What is the intermediate step in the form (x+a)^2=b as a result of completing the square for the following equation?
4x ^2 +47x+104=7x
The intermediate step is to move the constant term to the other side of the equation.
Rewriting the equation:
4x^2 + 47x + 104 - 7x = 0
Simplifying:
4x^2 + 40x + 104 = 0
To complete the square for the equation 4x^2 + 47x + 104 = 7x, we can follow these steps:
1. Move all terms to one side of the equation to set it equal to zero:
4x^2 + 47x + 104 - 7x = 0
2. Combine like terms:
4x^2 + (47x - 7x) + 104 = 0
4x^2 + 40x + 104 = 0
3. Divide the entire equation by the coefficient of the x^2 term (in this case, 4) to simplify the equation:
x^2 + (40/4)x + 104/4 = 0
x^2 + 10x + 26 = 0
At this point, the equation is in the form x^2 + bx + c = 0, which is ready for completing the square.
To find the intermediate step in completing the square for the given equation, we first need to rearrange the equation in the form (x + a)^2 = b.

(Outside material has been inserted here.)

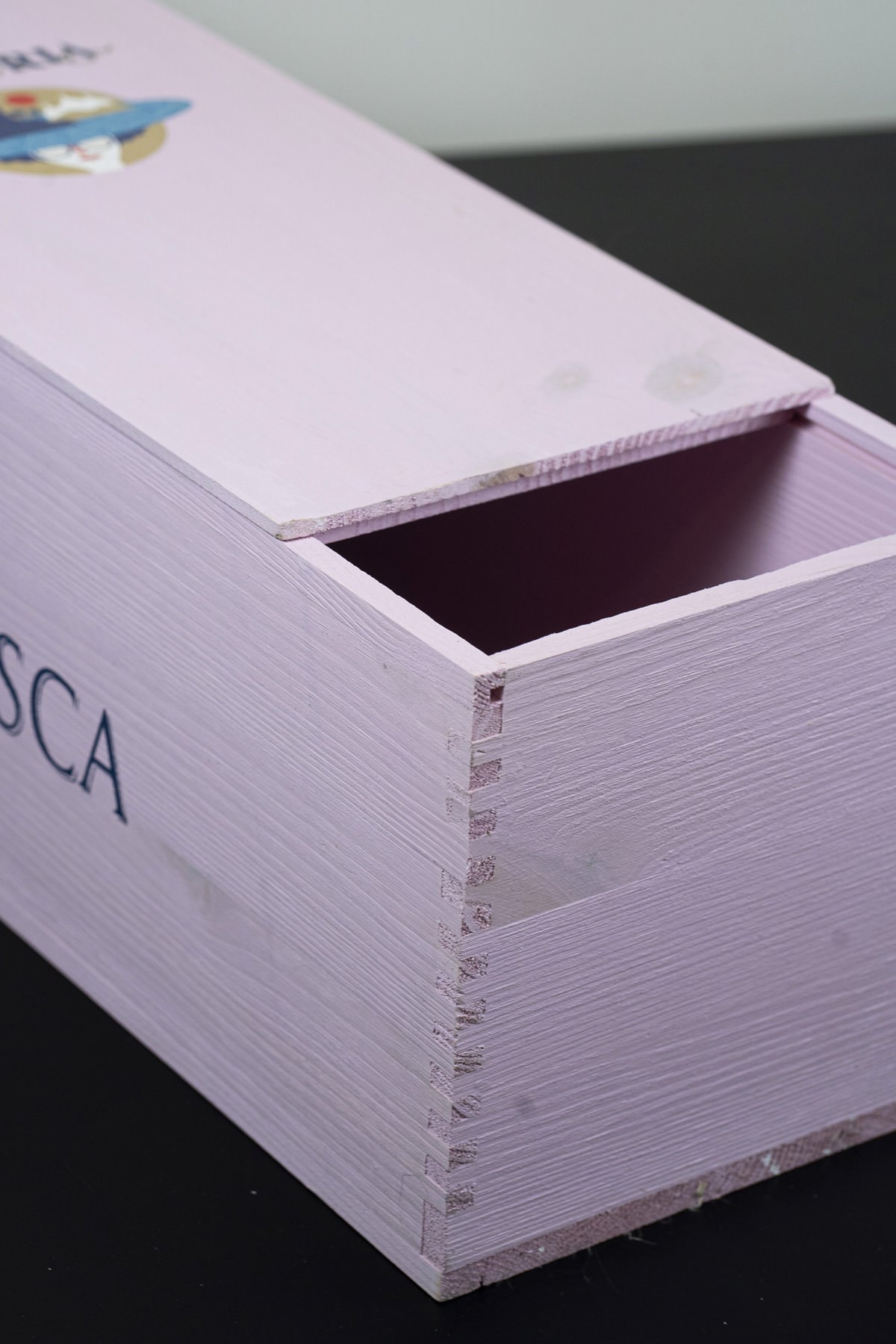 Realizzata in pino massello con coperchio a filo da 12 mm, questa confezione evidenzia la finitura rosa tenue ad acqua che evoca la delicatezza del vino. Le stampe – serigrafiche e digitali UV – valorizzano il design e raccontano la freschezza e contemporaneità del territorio,

Here's how to do it step by step:
1. Start with the given equation: 4x^2 + 47x + 104 = 7x.
2. Move all terms to one side of the equation to make it equal to zero: 4x^2 + 47x + 104 - 7x = 0.
3. Combine like terms: 4x^2 + 40x + 104 = 0.
4. Divide the entire equation by the coefficient of x^2 to make the leading coefficient 1: x^2 + (40/4)x + (104/4) = 0.
5. Simplify: x^2 + 10x + 26 = 0.
Now, we can identify the intermediate step in completing the square. It involves taking half of the coefficient of x, squaring it, and adding/subtracting it to both sides of the equation.
6. Take half of the coefficient of x, which is 10. Square it to get 100.
7. Add 100 to both sides of the equation: x^2 + 10x + 100 + 26 = 0 + 100.
8. Simplify: x^2 + 10x + 126 = 100.
At this step (step 8), we have completed the square for the equation. The intermediate step would be adding 100 to both sides of the equation to create a perfect square trinomial on the left side.